Respondents’ second argument hints at a more fundamental error that, in our opinion, controls our disposition of the case. In
This case began as a condemnation proceeding under G.S. Chapter 40A. The judgment from which appeal was taken held that title to the entire tract was in VEPCO, the petitioner-con-demnor, and that respondents were owed nothing. How the court, with the apparent consent of the parties, reached the result that it did on the basis of the pleadings that were filed cannot be determined from the record and presents a situation for which our research reveals no precedent.
VEPCO contends that the issue of title to the land was tried by consent of the parties. As authority for this contention, it cites G.S. 1A-1, Rule 15(b), which provides, “when issues not raised by the pleadings are tried by the express or implied consent of the parties, they shall be treated in all respects as if they had been raised in the pleadings.” VEPCO argues that the consent order signed by the parties and Judge Allsbrook constitutes express consent to convert the condemnation proceeding to an action to quiet title and that, since respondents offered evidence supporting their claims of title, the issue was tried in any event by implied consent.
The key fallacy in this argument is that the Rules of Civil Procedure do not apply to condemnation proceedings under G.S. Chapter 40A. Under our law, a condemnation proceeding is a “special proceeding.” Collins v. Highway Commission, 237 N.C. 277, 74 S.E. 2d 709 (1953). Among non-criminal actions, this designation distinguishes condemnation proceedings from ordinary civil actions. See G.S. Sections 1-1 through 1-6. Some jurisdictions hold this to be a distinction without a difference. See, e.g. Avalon East v. Monaghan, 43 Misc. 2d 401, 251 N.Y.S. 2d 290 (1964) (New York Civil Practice Rules).
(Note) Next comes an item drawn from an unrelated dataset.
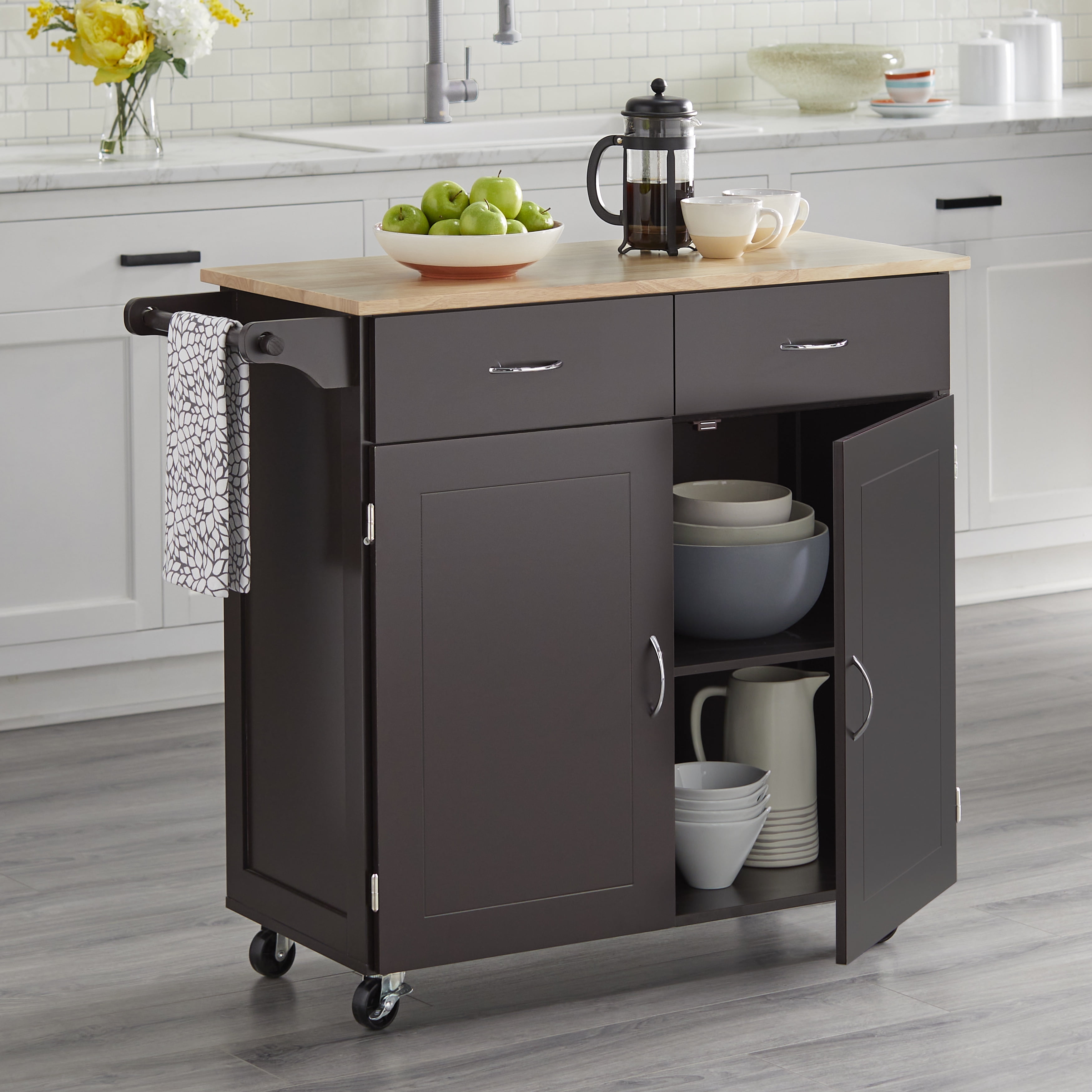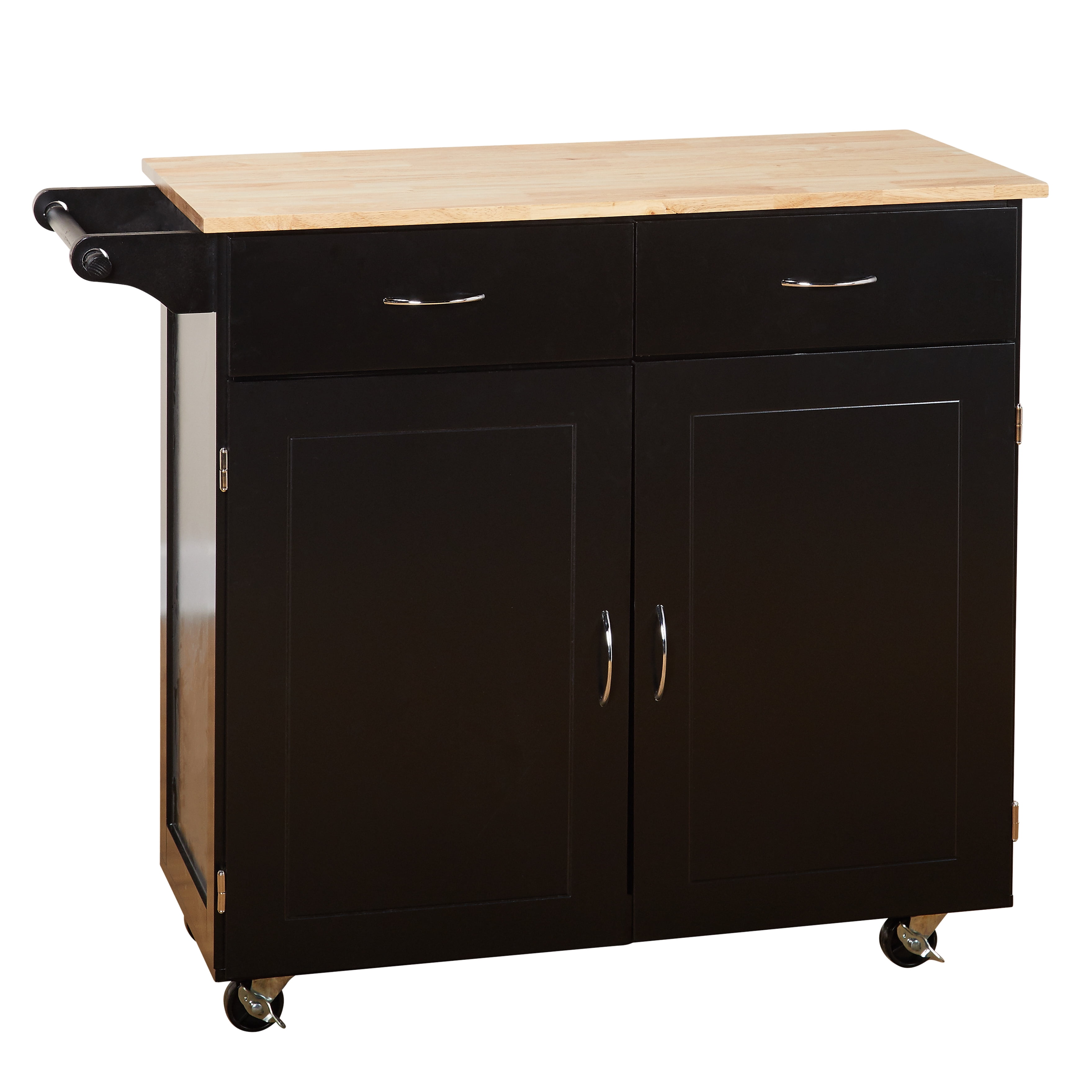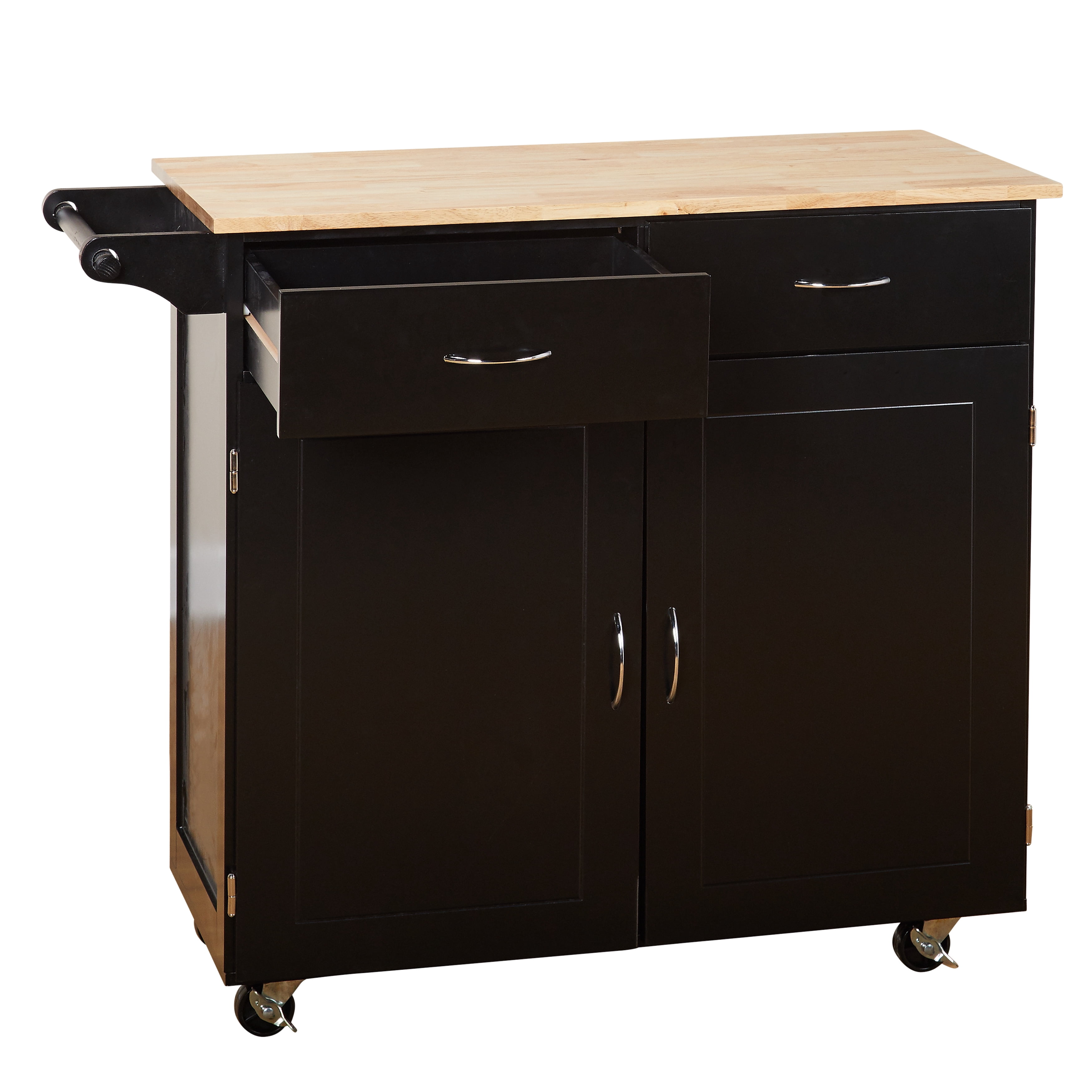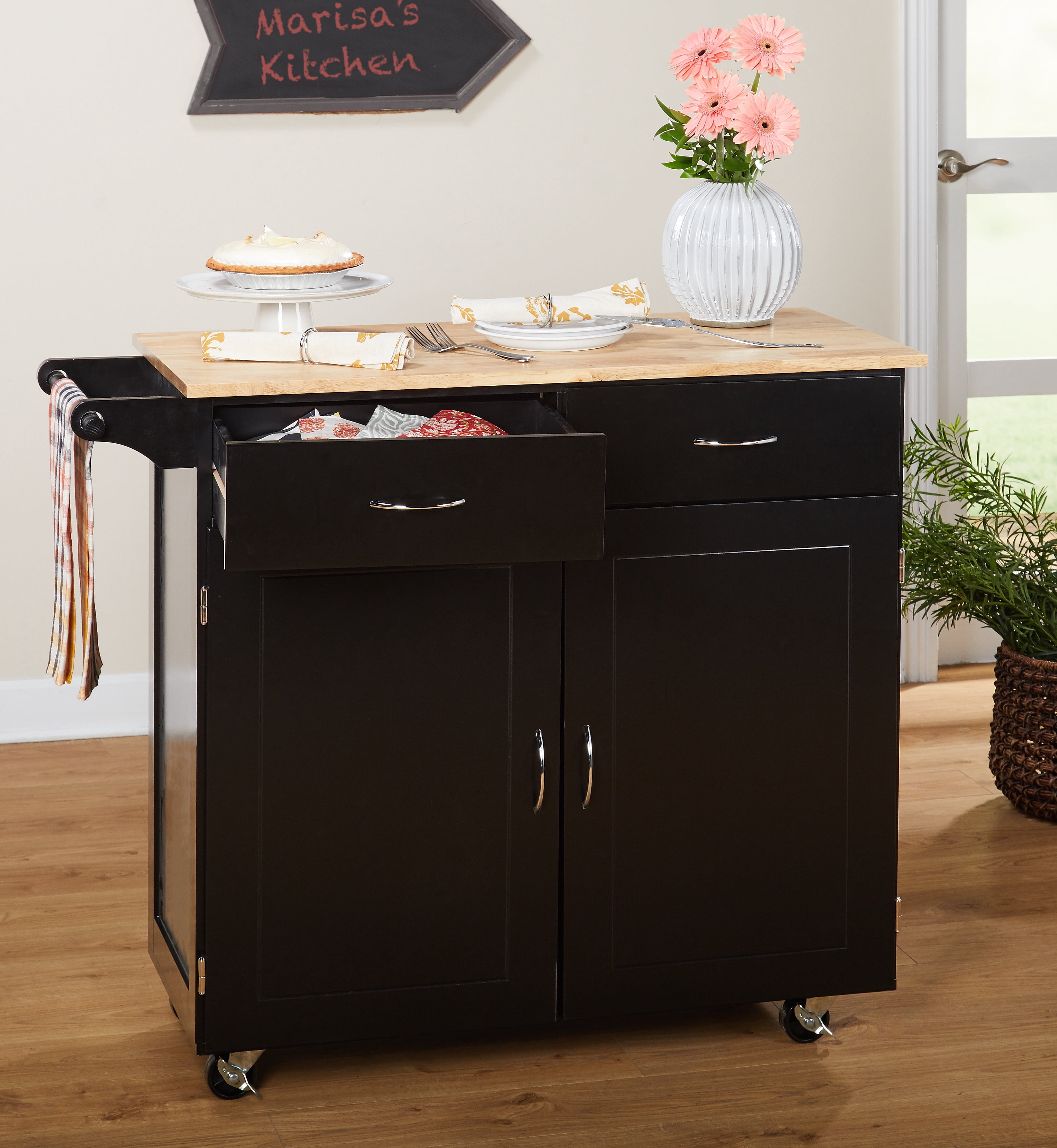 Who wants extra counter space! Now you can have it – without remodeling! The Kitchen Cart with Wooden Top is a clever kitchen helper offering handy storage and the additional workspace you need for baking, chopping, garnishing, pouring, and all the other divine things a kitchen is for. Twin drawers handle utensils, plastic wrap, wine openers, and more. The natural rubberwood top is dense, durable, and beautiful, while the base is finished in a contrasting hue for a two-tone look. The cabinet space can be customized by lifting, lowering, or removing the adjustable shelf to make room for China, stemware, or larger items like your stand mixer, blender, toaster, and more. Requires some assembly.

Our Rules of Civil Procedure for the most part are copies of the corresponding federal rules. However, our Rule 1 differs from the federal rule in a way that is significant here. The federal rule reads in pertinent part:
*518 Scope of Rules
These rules govern the procedure in the United States district courts in all suits of a civil nature whether cognizable as cases at law or in equity or in admirality.
28 USCA Rule 1 (Supp. 1984). The corresponding North Carolina rule reads in pertinent part:
Scope of Rules
These rules shall govern the procedure in the superior and district courts of the State of North Carolina in all actions and proceedings of a civil nature except when a differing procedure is prescribed by statute.
G.S. 1A-1, Rule 1. Even where an action is a special proceeding, the Rules of Civil Procedure are in many cases made applicable by G.S. 1-393, which provides, “The Rules of Civil Procedure and the provisions of this chapter on civil procedure are applicable to special proceedings, except as otherwise provided.” Condemnation proceedings by the State, formerly special proceedings, see Collins v. Highway Comm’n, supra, have been held to be civil actions to which the Rules of Civil Procedure apply. Board of Transportation v. Royster, 40 N.C. App. 1, 251 S.E. 2d 921 (1979); Shuford, N.C. Civil Practice and Procedure, Section 1-5(k) (1981 and Supp. 1983). In actions by private condemnors, however, a separate procedure is specified and that procedure is the exclusive means by which private condemnors may condemn land. G.S. 40A-1. Unless specifically noted, neither the Rules of Civil Procedure nor the statutes governing special proceedings, G.S. 1-393 et seq., apply. E.g., G.S. 40A-22 (summons in condemnation proceedings served on parties as in other special proceedings). Pursuant to this procedure, condemnation proceedings are commenced differently from ordinary civil actions, different documents are required to be filed and served, and the filing deadlines are different. Compare, e.g., G.S. 40A-22 (service of process at least 10 days prior to hearing by court) and G.S. 1A-1, Rule 4 (process must be served within 30 days of issuance of summons).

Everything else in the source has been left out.